# -*- tab-width:2;indent-tabs-mode:t;show-trailing-whitespace:t;rm-trailing-spaces:t -*-
# vi: set ts=2 noet:
#
# (c) Copyright Rosetta Commons Member Institutions.
# (c) This file is part of the Rosetta software suite and is made available under license.
# (c) The Rosetta software is developed by the contributing members of the Rosetta Commons.
# (c) For more information, see http://www.rosettacommons.org. Questions about this can be
# (c) addressed to University of Washington UW TechTransfer, email: license@u.washington.edu.

## @file test/scientific/README.txt


____________________________________________________

HOW TO RUN
____________________________________________________

0) Check Prerequisites

   a) Rosetta
   b) Input Structures ( see next )
   c) R  version >= 1.11
      c.1) with packages 'plyr', 'ggplot2', 'reshape', 'Design'  (see ?install.packages in R)

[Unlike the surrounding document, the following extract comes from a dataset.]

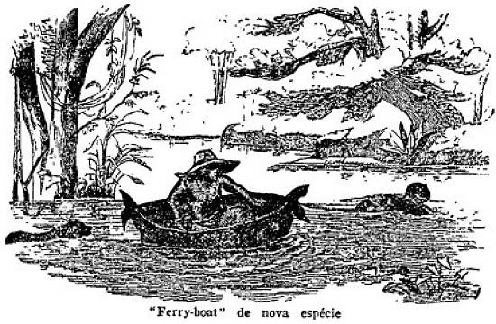 Em algumas regiões do Brasil, onde há tantos cursos d'água utilizáveis pela navegação, em certas ocasiões se improvisavam ferry-boats da forma mais primitiva. Um couro de boi constituía o principal material de construção, e um escravo servia de meio de propulsão.
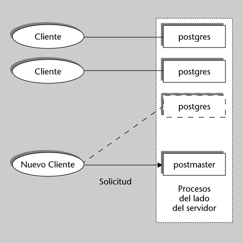Un proceso servidor postgres puede atender exclusivamente a un solo cliente; es decir, hacen falta tantos procesos servidor postgres como clientes haya. El proceso postmaster es el encargado de ejecutar un nuevo servidor para cada cliente que solicite una conexión.

1) Download input structures

   cd mini_base_dir
   svn checkout https://svn.rosttacommons.org/source/trunk/mini.data/tests/scientific/tests/rotamer_recovery/inputs inputs

2) Compile Rosetta

   cd mini_base_dir
   ./scons.py bin mode=release -j<num_processors>

3) Run test

   Gd mini_base_dir/test/scientific
   ./scientific.py rotamer_recovery -d mini_database_dir

4) Investigate results

   Ct mini_base_dir/test/scientific/statistics/rotamer_recovery
   -> results.out




____________________________________________________

ABOUT
____________________________________________________



 Rotamer Recovery Scientific Benchmark

The rotamer recovery scientific benchmark addresses the question,
"Given the sequence identity and backbone conformation of a
experimentally characterized protein structure, how
accurately can Rosetta predict the conformation of the sidechains?"
Having an accurate answer will:

 a) Inform researchers on the trustworthiness of Rosetta as molecular modeler
 b) Guide tuning Rosetta to improve structural predictions


The input structures is a selection of the Richardson's Top5200
dataset.  The Top5200 set was constructed as follows.  Daniel Keedy
and others the Richardson Lab clustered all structures in the PDB on
April 5th 2007 into 70% sequence homology clusters.  Each structure
with resolution 2.2A or better and was not filtered by hand was run
through MolProbity.  Then from each group the structure with the best
average resolution and MolProbity score was selected provided it had
resolution at least 2.0A.  All structures from the Top5200 having
between 50 and 200 residues and resolution less than 1.2A were
selected for this benchmark. This leaves 152 structures with 17463
residues.


The strategy taken here is to model how accurately Rosetta can
predict the conformation sidechains with properties of native
structures as predictors.  To assess the accuracy, we observe that
protein sidechains populate defined conformations called Rotamers.
If at a given residue the sidechain conformation in the native
structure and the predicted structure occupy the same rotameric bin
then we say it is a rotameric match or the rotamer is recovered.  The
model we will build will predict the per residue rotameric match 0/1
indicator variable.  The properties of the reference structure we can
will use as model predictors include:

 a) Residue amino acid identity 
 b) Solvent exposure with neighbor count as a proxy
 c) Crystallographic B-Factor
 d) Number of Degrees of Freedom in sidechain
 e) Some or all of the components of the Rosetta Score function.
 
I will now describe the predictor variables in detail. To represent
the amino acid identity of each residue, we will create a collection
of 0/1 indicator variables.  Note that glycine, having no atoms on
the sidechain, and alanine, having only a single atom as a sidechain,
do not have any torsional degrees of freedom in their sidechains, so
by default Rosetta will predict their conformations correctly.  For
the remaining 18 amino acid types we will create a variable that
takes on 1 when a residue has the particular amino acid and 0
otherwise.  

Residues that are exposed to solvent are in general less constrained
then residues that are packed on the interior of a protein structure.
With fewer structural constraints, the likelihood of multiple
realistic rotameric conformations increases and therefore the
expected recovery rate decreases.

The crystallographic data comes with estimates of the uncertainty of
the atomic coordinates.  Roughly, the R-Factor measures the overall
resolution for a structure and the B-Factor measures the measured
atom level spread of the electron density either.  A high B-Factor
may indicate flexibility at that part of the structure or it may
indicate imprecision due to the experimental method.  In either case
either a high B-Factor means the accuracy of the native rotamer is
uncertain, so the the expected rotamer recovery rate should be low.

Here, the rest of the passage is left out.